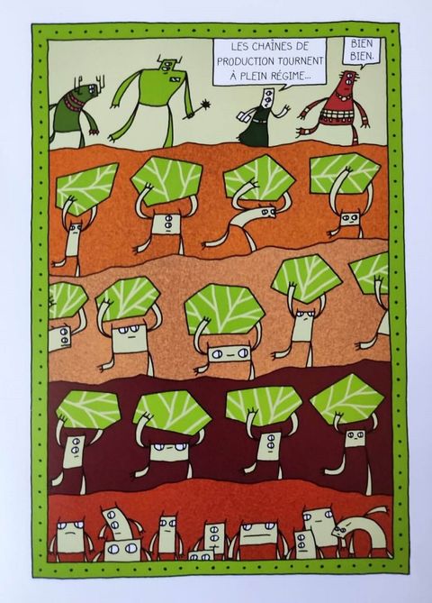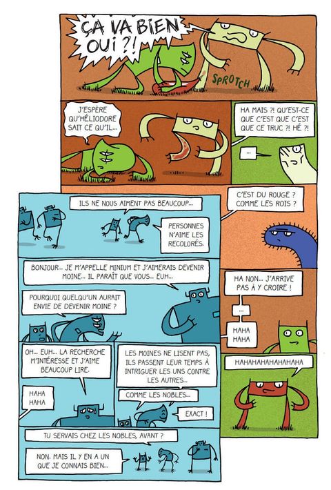Parasites par nature et parias du microscopique empire lémure, Pyrite, Topaze et Corail profitent de l’effondrement de leur civilisation pour changer à jamais leur condition, et provoquer l’avènement d’un ordre social nouveau rêvé. C’est compter sans la puissance des mythes fondateurs de toute société… Les Pigments sauvages, deuxième livre d'Alex Chauvel à notre catalogue après Todd le géant s'est fait voler son slip (2017), est le fruit de plus de trois ans de remue-méninges d'un auteur érudit en anthropologie (le titre est un clin d'oeil à La Pensée sauvage de Claude Levi-Strauss), passionné de microbiologie et fan d'heroïc-fantasy. C'est ce dernier trait de caractère qui confère le ton épique évident des Pigments sauvages, mais à bien y regarder, le commentaire sur le fondement des mythologies et le sous-texte politique font de ce livre, un objet dont on peut se saisir adolescent et qu'on emporte avec bonheur au travers des âges.
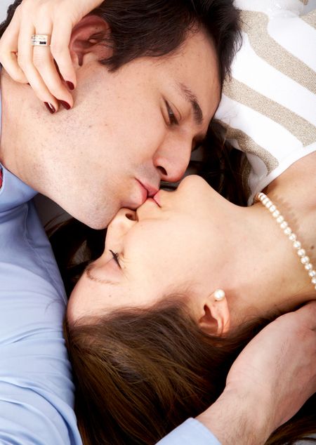 happy young couple kissing on the floor
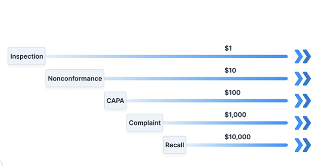 The 1-10-100 rule refers to the hidden costs of waste associated with poor quality.
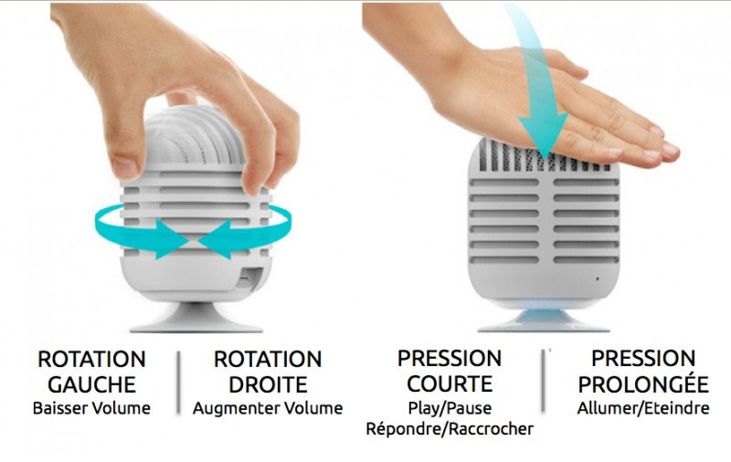 Comme l’indique la photo, le système est vraiment simple: on tourne d’un côté ou de l’autre pour baisser ou monter le volume. On veut répondre à un coup de téléphone ? Hop on appuie légèrement dessus (et appuie long pour l’éteindre).
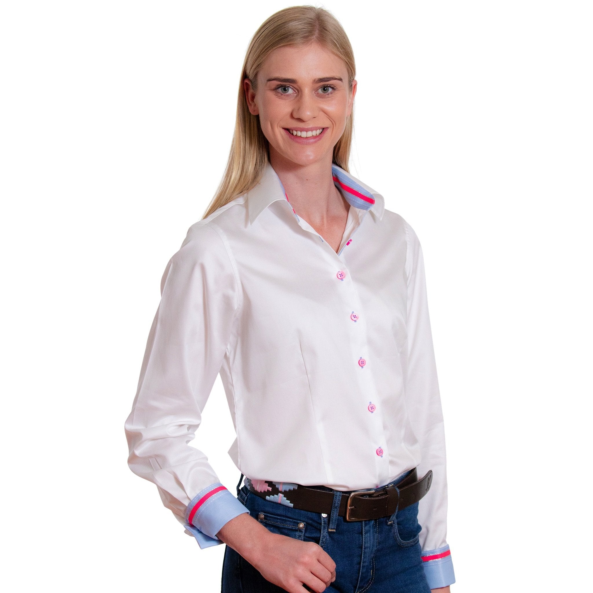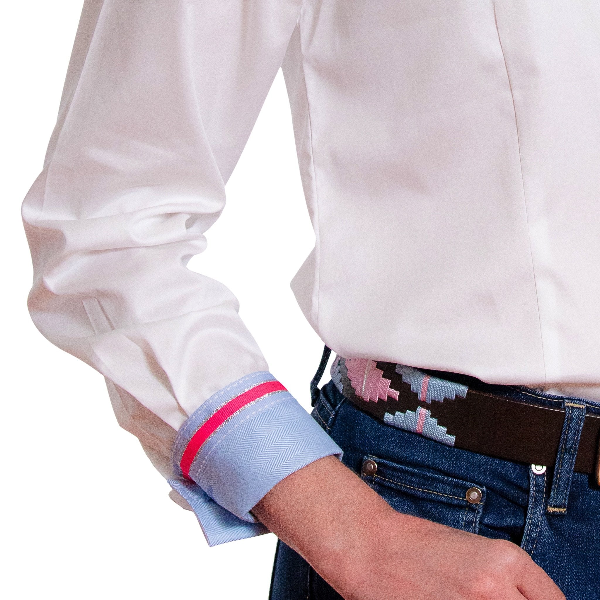 - High-contrast trim at collar stand, inner cuffs and placket
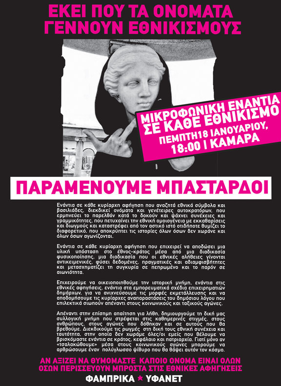 Συγκέντρωση ενάντια σε κάθε εθνικισμό: Πέμπτη 18/1 στις 18.00 στην Καμάρα
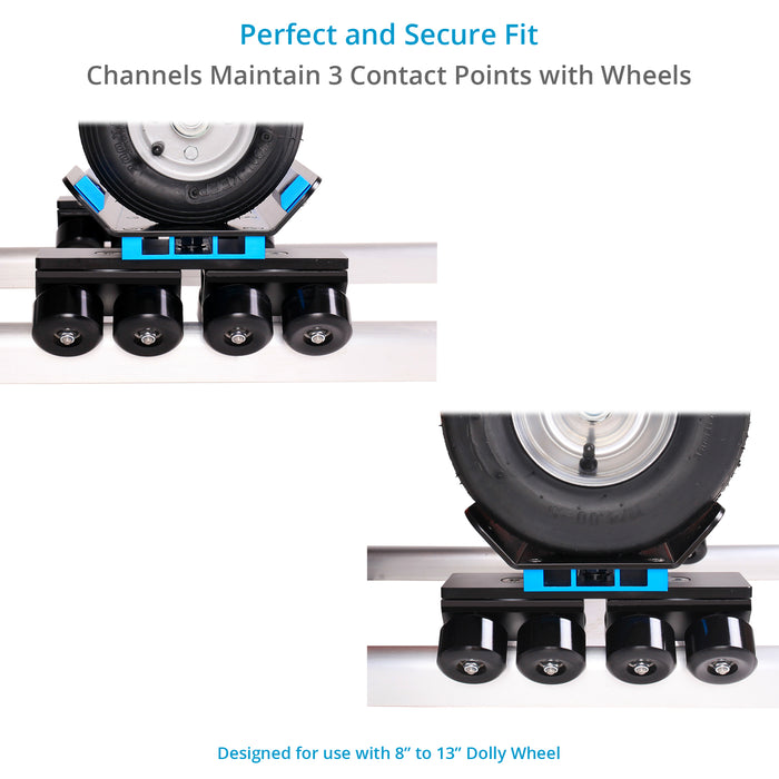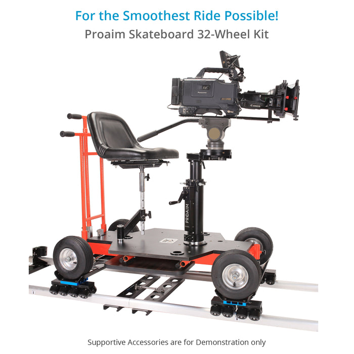 The main platform of Proaim Skateboard has been designed and angled to work with any Dolly-wheel diameter between 8" to 13" while maintaining a 3-point contact for complete safety and stability.

----------

(What the task requires): Each record above has to be written out again in full, but its pictures must not be.

(Written answer):
Parasites par nature et parias du microscopique empire lémure, Pyrite, Topaze et Corail profitent de l’effondrement de leur civilisation pour changer à jamais leur condition, et provoquer l’avènement d’un ordre social nouveau rêvé. C’est compter sans la puissance des mythes fondateurs de toute société… Les Pigments sauvages, deuxième livre d'Alex Chauvel à notre catalogue après Todd le géant s'est fait voler son slip (2017), est le fruit de plus de trois ans de remue-méninges d'un auteur érudit en anthropologie (le titre est un clin d'oeil à La Pensée sauvage de Claude Levi-Strauss), passionné de microbiologie et fan d'heroïc-fantasy. C'est ce dernier trait de caractère qui confère le ton épique évident des Pigments sauvages, mais à bien y regarder, le commentaire sur le fondement des mythologies et le sous-texte politique font de ce livre, un objet dont on peut se saisir adolescent et qu'on emporte avec bonheur au travers des âges.
 happy young couple kissing on the floor
 The 1-10-100 rule refers to the hidden costs of waste associated with poor quality.
 Comme l’indique la photo, le système est vraiment simple: on tourne d’un côté ou de l’autre pour baisser ou monter le volume. On veut répondre à un coup de téléphone ? Hop on appuie légèrement dessus (et appuie long pour l’éteindre).
 - High-contrast trim at collar stand, inner cuffs and placket
 Συγκέντρωση ενάντια σε κάθε εθνικισμό: Πέμπτη 18/1 στις 18.00 στην Καμάρα
 The main platform of Proaim Skateboard has been designed and angled to work with any Dolly-wheel diameter between 8" to 13" while maintaining a 3-point contact for complete safety and stability.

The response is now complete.